I don't expect to do anything with this project for a while (way behind on other projects). By the time I do, I may well have completely forgotten all of the following. This will serve as an aide memoire if that happens. But you can be pretty sure that none of it is going to happen any time soon... well, if it does, the credit will go to somebody else.

It is in absolutely no order whatsoever (and at least some open issues would take priority). Please feel free to add to the list or tackle items on the list, but this is mostly just something to remind me a few months/years from now of possible projects.

(Updated 2022 July 13 to remove items that have actually been done.)

  • I got a start on code to configure curses.h; see issue How to evade library mismatches? #133 and search for 'a bit of code to configure/reconfigure'. Ideally, if you ran make with a particular combination of WIDE, UTF8, DLL_BUILD, etc. flags, curses.h would be appropriately modified.
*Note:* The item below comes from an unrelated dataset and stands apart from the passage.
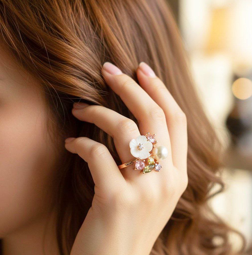 انگشتر نقره زنانه جواهری صدف و مروارید اصلی

In some ways, this one isn't a big deal. config_curses works quite well. It's just that PDCursesMod has a lot of ports and makefiles to test.
  • Pull out PSF/PSF2 font handling from the framebuffer port, put it into the common directory, and modify the DOSVGA and possibly SDL1 and SDL2 ports to make use of it. This is largely in the category of eliminating redundant code; we currently have two different implementations of PSF parsing, and SDL1/2 get fonts (in 8-bit character mode) from a .BMP file with no counterpart in the rest of the universe. (See issue Use of PSF2 fonts; possible Linux framebuffer port #208 for further discussion of this.)
  • After or in parallel to that : the framebuffer port has a built-in PSF font as a static array, and the ability to load one or more PSF fonts and to switch among them by hitting Alt-Minus. It'd be nice to have a mechanism for specifying fallback fonts ("if you can't get the desired glyph from the default font, look in this one or this one"), with the glyph resized as needed (not really difficult to do). If you use Unifont as your "final fallback", you've got at least a passable glyph for any situation. (At present, only the WinGUI port has a fallback font option.)
  • It'd also be nice to have fullwidth characters with PSF2 fonts. That'd be tricky, since PSF* was designed with the idea that all glyphs would be the same size. It might fit with the above scheme of fallback fonts, though, with the fullwidth characters put into a separate font.
  • Clipboard functions for the VT port in Linux. The downside to that is that (I think) you have to drag in all the X libraries to do it. We might be able to make that code that is common between the X11 and VT/Linux ports. I've also sometimes wished I had access to both the 'clipboard' and 'selection' buffers (this is a really useful distinction of which Windows, sadly, is unaware).
  • It appears that the use of the Linux framebuffer is somewhat deprecated. The code could be modified to use the Direct Rendering Manager without a lot of trouble. From the standpoint of our code, it doesn't make much difference; we're still just looking at a flat memory-mapped array of pixels. It's just a difference in how we get a pointer to that array. Probably not a big deal, since it appears framebuffer access isn't going anywhere and does not (from our humble viewpoint) have any real drawbacks.
  • Direct access to the mouse and keyboard in the framebuffer port would be useful, though there appears to be no agreement on how that ought to be done.
  • A 'touchscreen' mouse mode might be interesting. In this mode, instead of having buttons 1, 2, 3, etc., we would have fingers 1, 2, 3, etc., and they would have press, move, and release events. It would be entirely possible to have "'button` 1 was pressed here, moved here, then 'button' 2 pressed here, both 'buttons' may move around, then one or the other is released." A button 'number' N would simply mean that at the time it was pressed, N-1 other fingers were currently being kept track of. I have a cellphone that runs Linux, and have done no programming on it, but it'd be nifty to run PDCurses programs on it.